* Task *
Your task is to retype, word for word, the lines from the start of the data through the line holding "Nicholas Shore vs". Do not include the pictures.

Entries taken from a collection
-- Opening Marker --
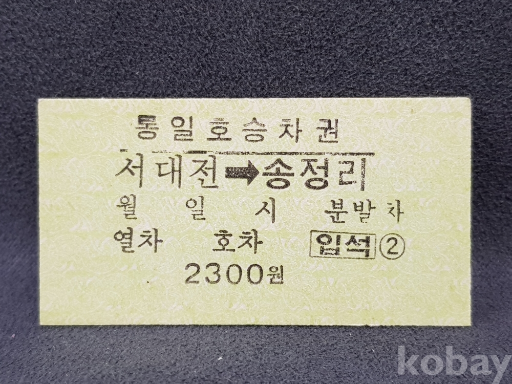 - 미사용 통일호 승차권 " 서대전 ▶ 송정리 " 2300원
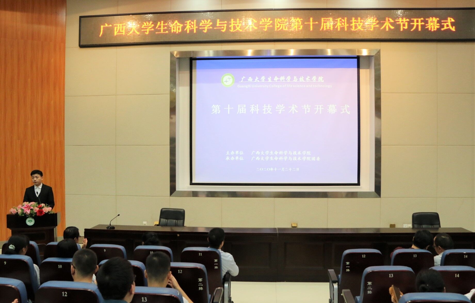为深入学习贯彻党的十九届五中全会精神,进一步培养广大青年学生的科学精神、创新意识,在我院形成崇尚科学、追求创新的浓厚氛围,构建大学生科技创新活动体系,我院于2020年11月22日上午8点在学院圆形报告厅隆重举行学院第十届科技学术节开幕式。科技学术节是学院精心打造的一个特色品牌学生活动,参与面覆盖全院学生。从2011年举办至今,已经举办了十届,是深受生科学子喜欢的第二课堂活动。本次科技学术节,以“营造学术氛围,提升科技素质,培养创新人才”为主题,以实验技能大赛为龙头,举办技能竞赛、学术论坛、知识普及、经验分享、行业调研等5大类11项活动。
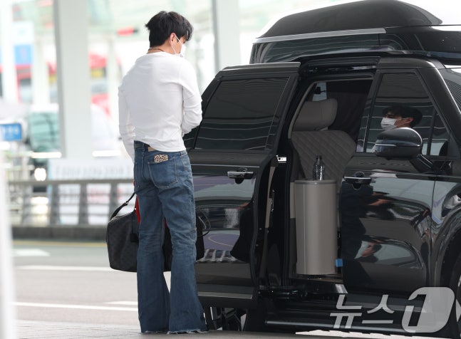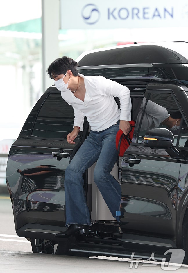 방탄소년단(BTS) 뷔(본명 김태형)가 해외 일정을 위해 4일 오전 인천국제공항에 도착해 하차하고 있다. ⓒ News1 권현진 기자
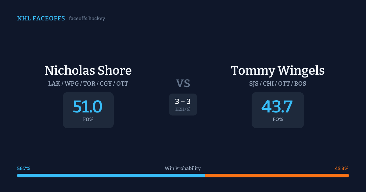 Nicholas Shore vs Tommy Wingels — Faceoff Head-to-Head
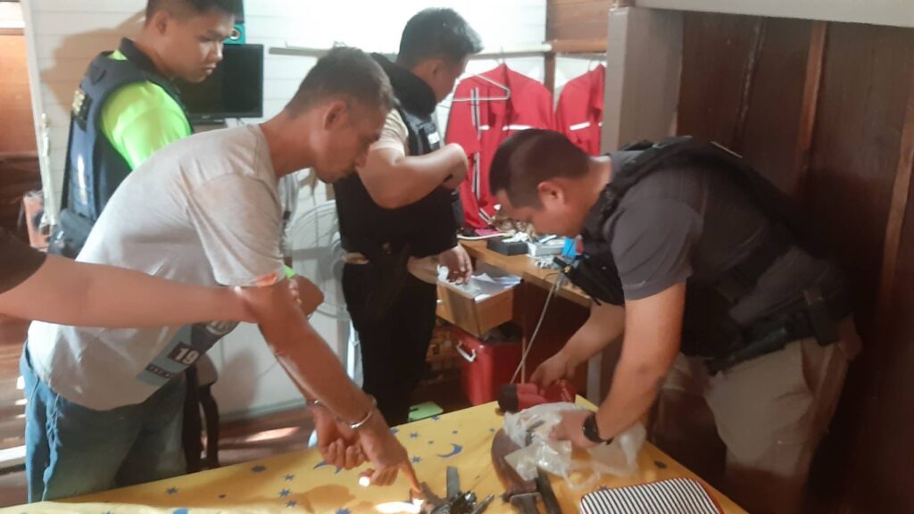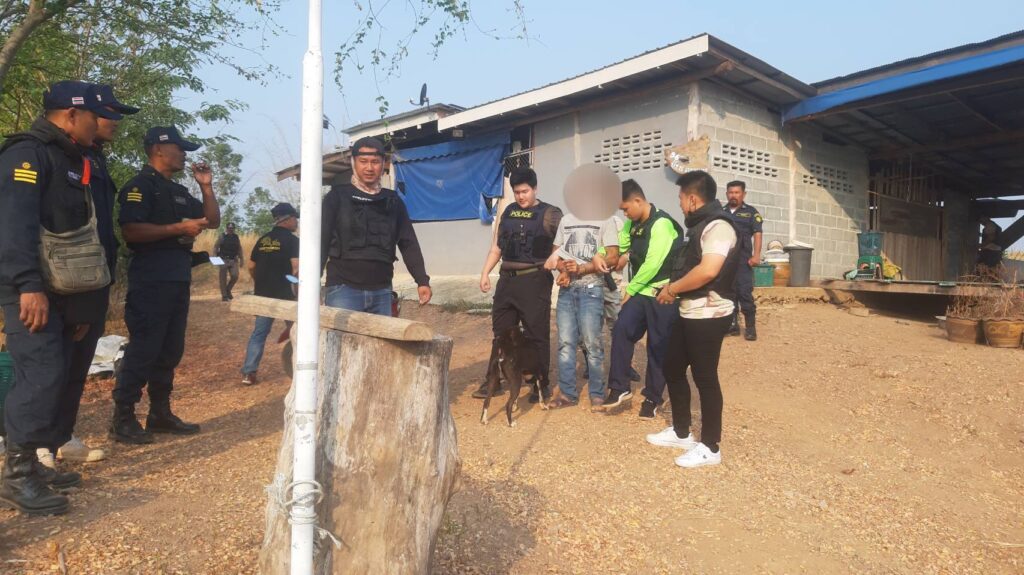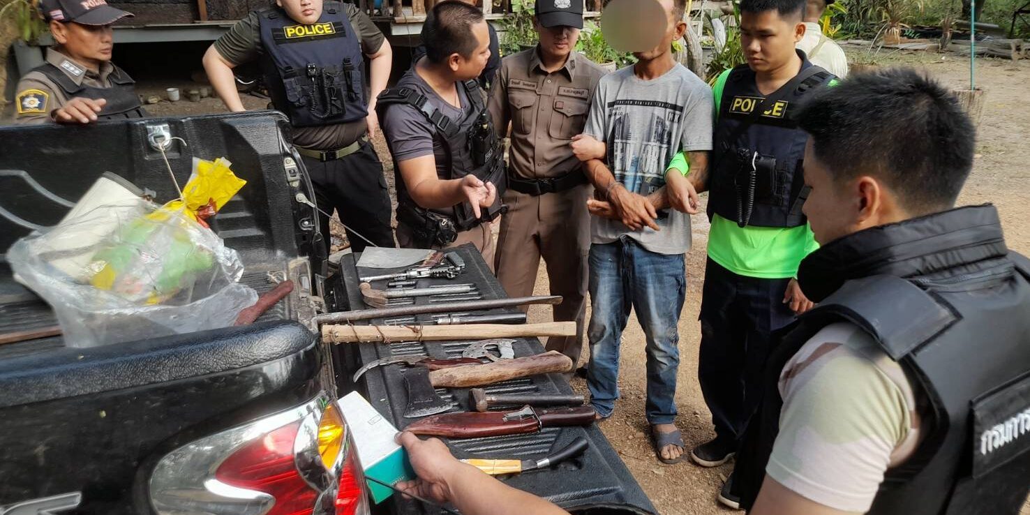 วันที่ 14 ม.ค. พล.ต.ท.นัยวัฒน์ ผะเดิมชิต ผบช.ภ.7 และ พล.ต.ต.นครินทร์ สุคนธวิท ผบก.ภ.จว.กาญจนบุรี สั่งการให้ พ.ต.อ.ปิโยรส กัณหะสิริ ผกก.สภ.ด่านแม่แฉลบ นำกำลังฝ่ายสืบสวนเข้าจับกุมตัว นายปรีชา เทพทอง อายุ 40 ปี ตามหมายจับศาลจังหวัดกาญจนบุรี เลขที่ 26/2567 ลงวันที่ 11 ม.ค.67 ข้อหาบุกรุกเคหสถานในเวลากลางคืนและทำให้เสียทรัพย์ พร้อมของกลาง ปืนสั้นไทยประดิษฐ์ขนาด .22 จำนวน 1 กระบอก แมกกาซีน ปืน 1 อัน ค้อนปอนด์ 3 อัน ขวาน 2 อัน มีดดาบ 1 เล่ม มีดปลายแหลม 1 เล่ม ไม้พันด้วยลวดหนาม ตอกหัวเหล็ก ซึ่งเป็นอาวุธโดยสภาพ 1 อัน และรถกระบะ อีก 1 คัน โดยจับกุมตัวได้ที่ บริเวณท้องไร่หน้าบ้านเลขที่ 56 หมู่ 2 ก่อนนำตัวไปขยายผลตรวจค้นในบ้านเลขที่ 125 หมู่ 2 ต.ด่านแม่แฉลบ อ.ศรีสวัสดิ์ จ.กาญจนบุรี
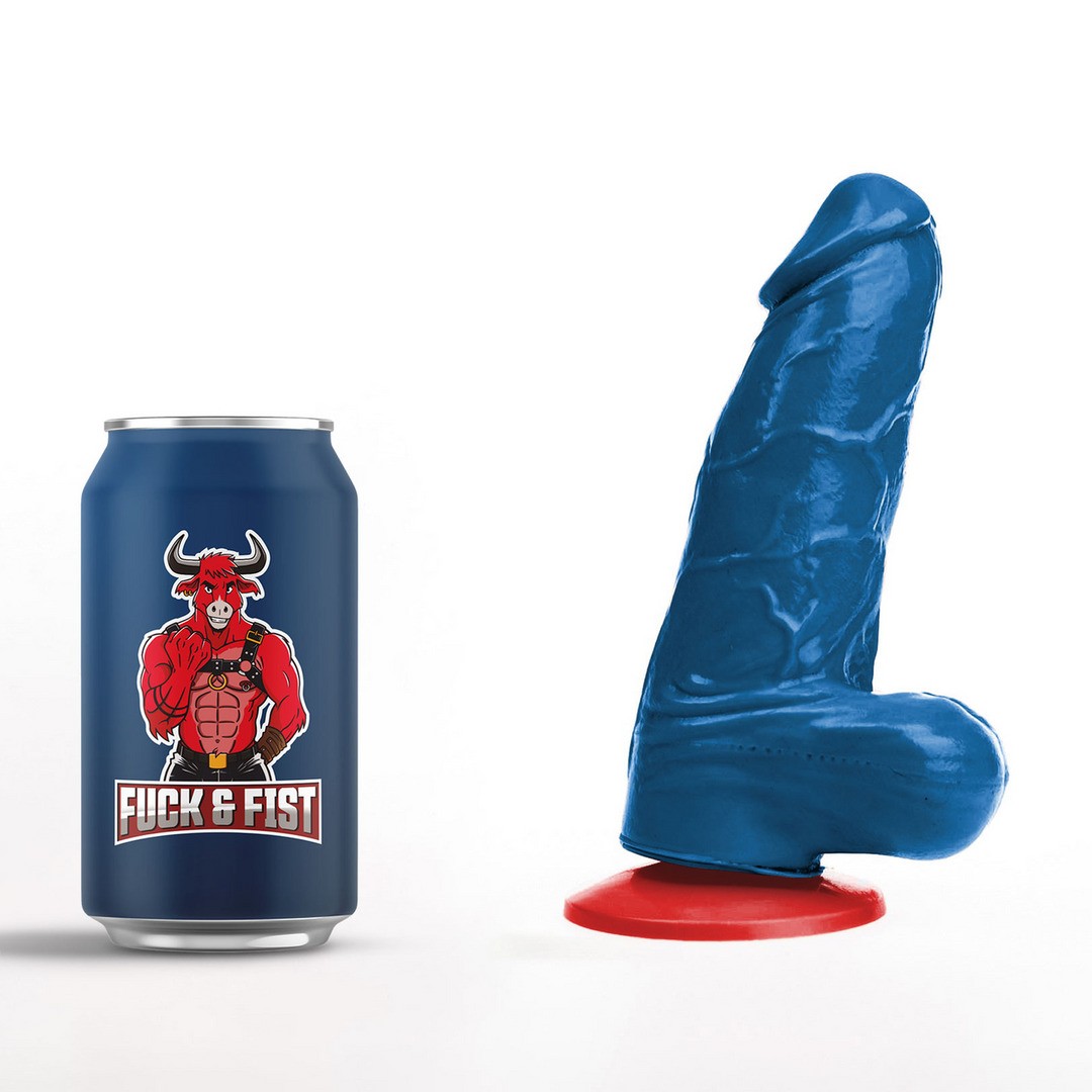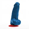 Elegant blue dildo with red suction cup. Features a realistic shape, veined surface and glans without foreskin, offering a striking look and intense stimulation. Generous dimensions, with an insertable length of 12 cm and maximum width of 5 cm. Made from PVC.
-- Closing Marker --
* Answer area *
 - 미사용 통일호 승차권 " 서대전 ▶ 송정리 " 2300원
为深入学习贯彻党的十九届五中全会精神,进一步培养广大青年学生的科学精神、创新意识,在我院形成崇尚科学、追求创新的浓厚氛围,构建大学生科技创新活动体系,我院于2020年11月22日上午8点在学院圆形报告厅隆重举行学院第十届科技学术节开幕式。科技学术节是学院精心打造的一个特色品牌学生活动,参与面覆盖全院学生。从2011年举办至今,已经举办了十届,是深受生科学子喜欢的第二课堂活动。本次科技学术节,以“营造学术氛围,提升科技素质,培养创新人才”为主题,以实验技能大赛为龙头,举办技能竞赛、学术论坛、知识普及、经验分享、行业调研等5大类11项活动。
 방탄소년단(BTS) 뷔(본명 김태형)가 해외 일정을 위해 4일 오전 인천국제공항에 도착해 하차하고 있다. ⓒ News1 권현진 기자
 Nicholas Shore vs Tommy Wingels — Faceoff Head-to-Head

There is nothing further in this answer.